Task objective >>
Starting at the top of the records below and ending with the line that contains "Okrągły stół ceramiczny", print each line exactly as written, skipping the pictures.

(Data records)

:::

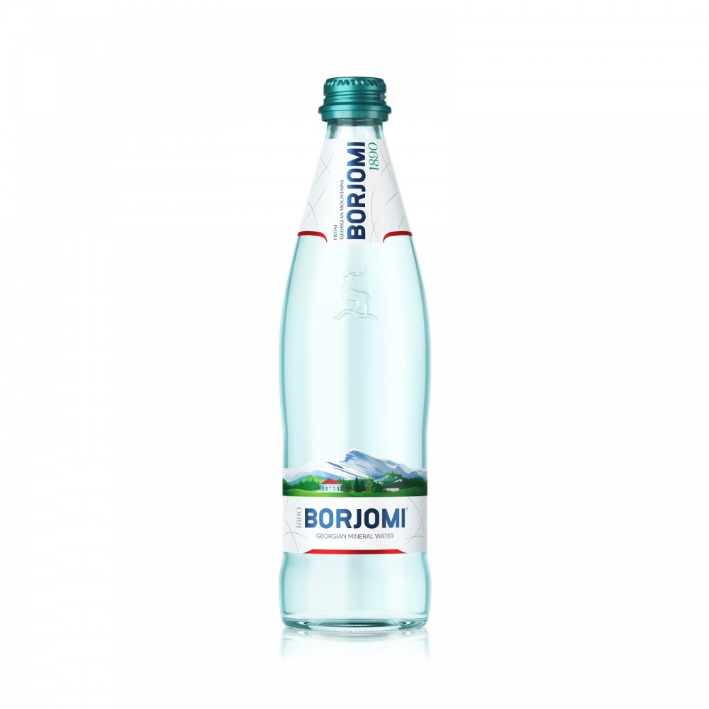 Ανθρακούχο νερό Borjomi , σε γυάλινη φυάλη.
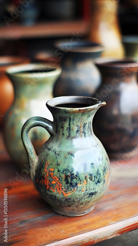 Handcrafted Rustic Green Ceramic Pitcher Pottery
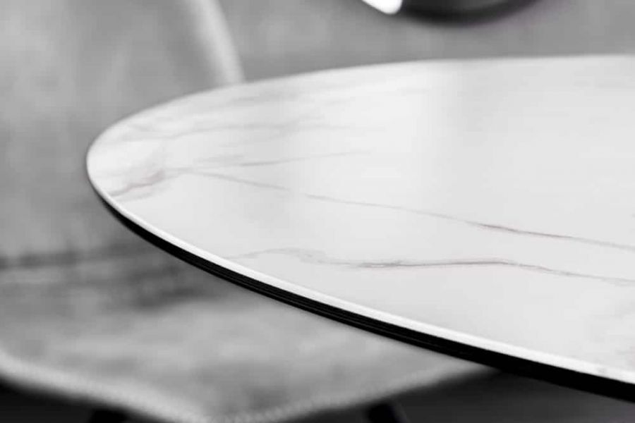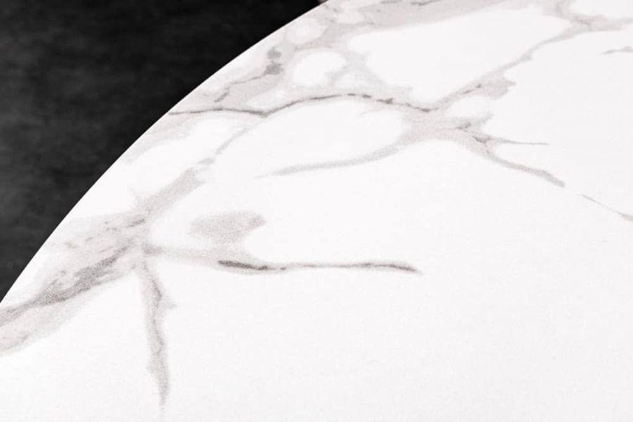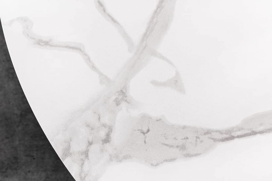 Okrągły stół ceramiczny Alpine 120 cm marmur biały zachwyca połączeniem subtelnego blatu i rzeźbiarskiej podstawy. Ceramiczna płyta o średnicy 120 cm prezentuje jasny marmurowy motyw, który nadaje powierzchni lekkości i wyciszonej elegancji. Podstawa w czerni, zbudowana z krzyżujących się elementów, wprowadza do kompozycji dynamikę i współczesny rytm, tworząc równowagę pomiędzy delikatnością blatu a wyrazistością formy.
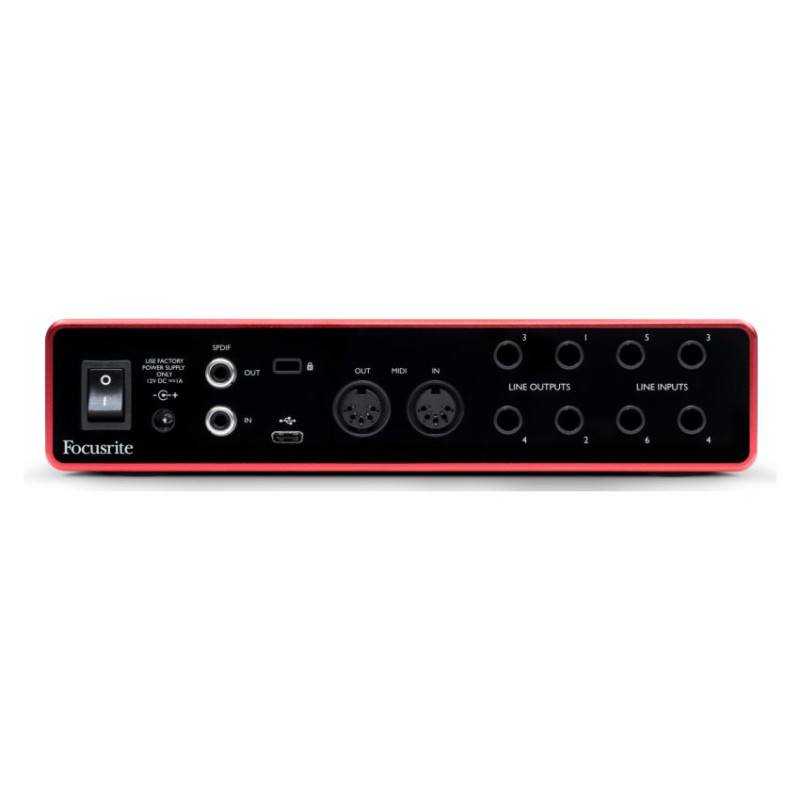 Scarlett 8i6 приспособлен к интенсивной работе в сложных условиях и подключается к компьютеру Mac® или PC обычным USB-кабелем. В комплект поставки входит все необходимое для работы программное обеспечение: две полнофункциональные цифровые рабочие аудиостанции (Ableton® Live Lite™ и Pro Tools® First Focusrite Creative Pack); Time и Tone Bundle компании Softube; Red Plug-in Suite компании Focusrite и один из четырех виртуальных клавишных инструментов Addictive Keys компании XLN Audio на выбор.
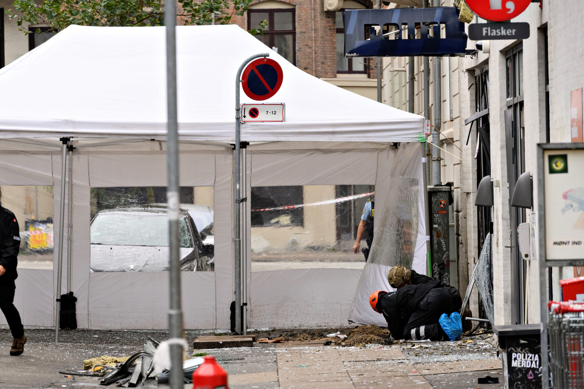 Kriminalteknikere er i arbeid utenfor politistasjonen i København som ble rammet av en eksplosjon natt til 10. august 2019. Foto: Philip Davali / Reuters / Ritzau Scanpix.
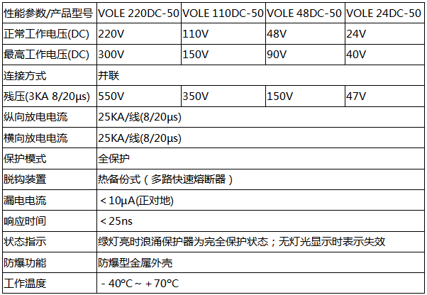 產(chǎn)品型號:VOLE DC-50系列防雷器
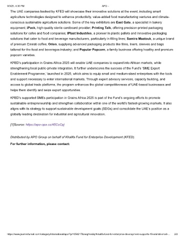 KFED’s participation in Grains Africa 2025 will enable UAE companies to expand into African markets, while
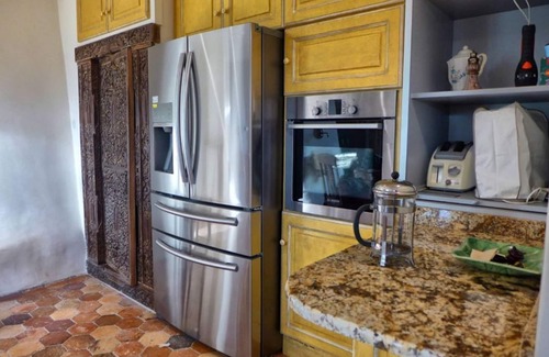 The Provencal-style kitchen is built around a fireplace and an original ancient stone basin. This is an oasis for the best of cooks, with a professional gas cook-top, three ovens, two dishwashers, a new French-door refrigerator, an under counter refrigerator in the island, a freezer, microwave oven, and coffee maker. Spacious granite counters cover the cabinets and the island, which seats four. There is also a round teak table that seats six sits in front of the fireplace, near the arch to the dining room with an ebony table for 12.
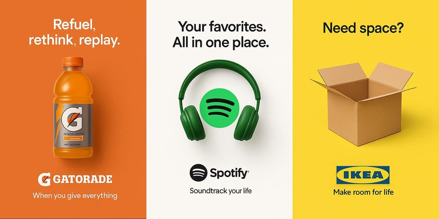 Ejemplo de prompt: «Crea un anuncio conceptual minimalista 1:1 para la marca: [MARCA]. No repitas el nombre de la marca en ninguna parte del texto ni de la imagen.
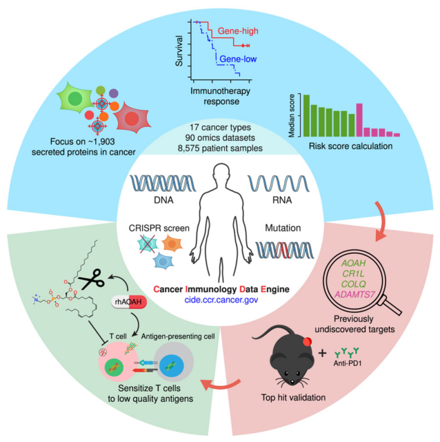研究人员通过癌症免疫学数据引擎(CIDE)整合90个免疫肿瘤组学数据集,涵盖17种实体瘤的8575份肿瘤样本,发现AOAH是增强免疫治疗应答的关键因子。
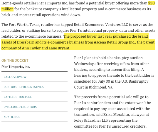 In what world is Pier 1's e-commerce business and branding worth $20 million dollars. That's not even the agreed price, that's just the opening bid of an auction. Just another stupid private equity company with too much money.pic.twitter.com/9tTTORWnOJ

:::

Expected answer >>
 Ανθρακούχο νερό Borjomi , σε γυάλινη φυάλη.
 Handcrafted Rustic Green Ceramic Pitcher Pottery
 Okrągły stół ceramiczny Alpine 120 cm marmur biały zachwyca połączeniem subtelnego blatu i rzeźbiarskiej podstawy. Ceramiczna płyta o średnicy 120 cm prezentuje jasny marmurowy motyw, który nadaje powierzchni lekkości i wyciszonej elegancji. Podstawa w czerni, zbudowana z krzyżujących się elementów, wprowadza do kompozycji dynamikę i współczesny rytm, tworząc równowagę pomiędzy delikatnością blatu a wyrazistością formy.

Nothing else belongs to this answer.